__WORK INSTRUCTIONS__: Beneath this instruction is a listing. Transcribe from it only the stretch from the line with "Ulični život na Trsteniku" through the line with "Odluke unutar Projektna", both end lines included, exactly as written.

═══ GIVEN INFORMATION

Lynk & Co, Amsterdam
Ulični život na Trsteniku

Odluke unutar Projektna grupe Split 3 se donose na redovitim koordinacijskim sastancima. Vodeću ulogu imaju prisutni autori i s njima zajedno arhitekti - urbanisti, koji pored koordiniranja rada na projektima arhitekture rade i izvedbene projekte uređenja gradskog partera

══════
═══ GIVEN INFORMATION

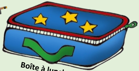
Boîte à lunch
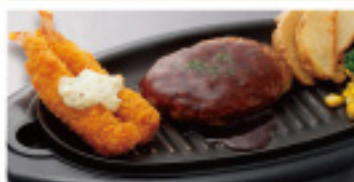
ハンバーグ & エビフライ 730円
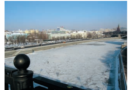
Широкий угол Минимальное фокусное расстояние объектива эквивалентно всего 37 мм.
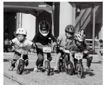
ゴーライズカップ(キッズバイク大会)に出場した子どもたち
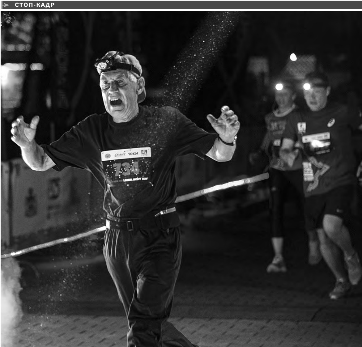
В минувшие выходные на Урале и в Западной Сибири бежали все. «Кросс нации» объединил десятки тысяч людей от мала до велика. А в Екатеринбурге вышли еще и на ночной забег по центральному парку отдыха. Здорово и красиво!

══════

__SOLUTION FOR THIS TASK__:
Ulični život na Trsteniku

Odluke unutar Projektna grupe Split 3 se donose na redovitim koordinacijskim sastancima. Vodeću ulogu imaju prisutni autori i s njima zajedno arhitekti - urbanisti, koji pored koordiniranja rada na projektima arhitekture rade i izvedbene projekte uređenja gradskog partera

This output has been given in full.